Data science and related fields have been born in and pushed forward by open-source projects. Open-source communities allow for people to work together to solve larger problems. As stewards of the data science community, we believe it is important to go behind the lines of code to shine a light on those doing the work in open source. In a series of blogs, we’ll highlight several Anaconda employees, the open-source projects they work on, and how their work is making an impact on the larger field.

In this blog, I interviewed Siu Kwan Lam, a Senior Software Engineer at Anaconda and the team lead for open-source project Numba, a high performance Python compiler.

Q: What is Numba?

Numba is an open-source JIT compiler that translates a subset of Python and NumPy code into fast machine code. The primary purpose is to speed up Python code written by data scientists. Python is an interpretive language; it is not as efficient as a native, compiled language. For programmers who are familiar with programming languages like C++, they can write a fast program. But for data scientists, they may not be familiar with these native, compiled languages. Also, they are more focused on the science of their projects than the programming. Python is a good language for data scientists because it is easier for them to express.

With Numba, data scientists can easily write a program, and all they need is basically one API — the @jit decorator. For a subset of Python, Numba can turn it into fast code as if someone has written it in C++.

Q: Are data scientists the primary users of Numba?

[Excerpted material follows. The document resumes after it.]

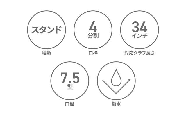 | 仕様 | <外側> フード収納×1 ジップポケット(L)×1 ジップポケット(M)×2 ポケット(S)×1 <内側> ベルクロポケット(L)×1 ジップポケット(S)×1 ポケット(S)×1 <付属品> フード×1 プレート×1 ドライバーカバー×1 フェアウェイウッドカバー×1(番号札×4付き) パターカバー×1 |

Initially, that was the thought. But it’s now evolving into something that other Python library writers are leveraging to be part of their library, so that their code can be sped up.

Users can write user-defined functions, and the library may use Numba in conjunction with user code that can then be optimized together into a fast program. Numba is probably the only CPython project that allows a library to just-in-time compile user-defined functions with its internal code to produce a fast program without changing the interpreter. It’s also the only Python compiler project that supports graphic processing units (GPUs).

Q: What is your role within Numba?

I’ve been working on Numba for eight years at Anaconda. Before that, I was working on a similar project that got absorbed into Numba. I’m currently the team lead, so I work on the project and manage a team responsible for it. At Anaconda, we have a team of three working on Numba.

I am also the leader on the community side as well. In the open-source community, hardware vendors have assigned developers to work with us. There are also other companies, many of them finance-related, that are involved in the development of Numba. They contribute, and they help answer community questions.

This year, I’ve been working on the governance model for the community to grow. Our project has grown a lot, especially in the last two years — almost to a size with which the three of us at Anaconda are unable to keep up. We are looking at involving more hardware vendors to contribute more and help with the daily maintenance tasks.

Q: What contribution to this project are you most proud of?

A compiler is connected to everything. So, I’m proud of being able to keep up with the complexity of the compiler and of the amount of testing we put into this project to ensure it is stable for users. We are being used in critical infrastructure like risk analysis for financial institutions. A bug in Numba means an incorrect result. It can ruin some very important and expensive projects.

Q: What use cases for your project do you find the most interesting or surprising? What software does Numba enable?

In 2020, there have been 466k average monthly Conda package downloads of Numba.

As I mentioned, we work with hardware developers from companies like Intel and NVIDIA. Pandas and Datashader both use Numba. Every user of these is indirectly using Numba. Another important user of Numba from the science community is The Awkward Array project, which is sponsored by the National Science Foundation and DIANA/HEP. DIANA/HEP develops software for processing petabytes-sized data related to CERN’s Large Hadron Collider (LHC).

Bodo is founded by someone that is part of the core community team of Numba, and Numba is underneath their products. Rapids from Nvidia is using Numba to do some Pandas-like operations on the GPU. We helped them prototype in the initial phase of the project.

Q: What are you working on now that you are most excited to release?

With the current release, we are focused on enhancing performance. The whole program is about speeding things up, so a lot of what we do is about making that better. We are tackling some really complicated ways for users to be able to write less code to achieve the same speed. We are constantly adopting the latest research to improve speed. Particularly, we are working on reducing the cost of automatic memory management (reference-counting). We are seeing a speedup of 2x to 10x in some programs with the new version.

Q: What do you envision for this project in a year from now?

We want to grow the open-source community. We’d like the hardware companies we work with to help us maintain the community and test the program against their hardware. We want to transfer knowledge to the public, so they can help us maintain and grow.

Q: In your mind, what is the value of open-source projects?

Open source allows a project to have a lifetime that is not bound by the lifetime or interest of a company. For companies that don’t release their products as open source, as company interest or focus moves away, the project becomes abandoned. Software is never complete. Software nowadays is so complex, and users’ requirements are constantly changing. Open-source projects allow for user feedback, help, and involvement to continue moving a project forward, which is something a proprietary project cannot do in the same way.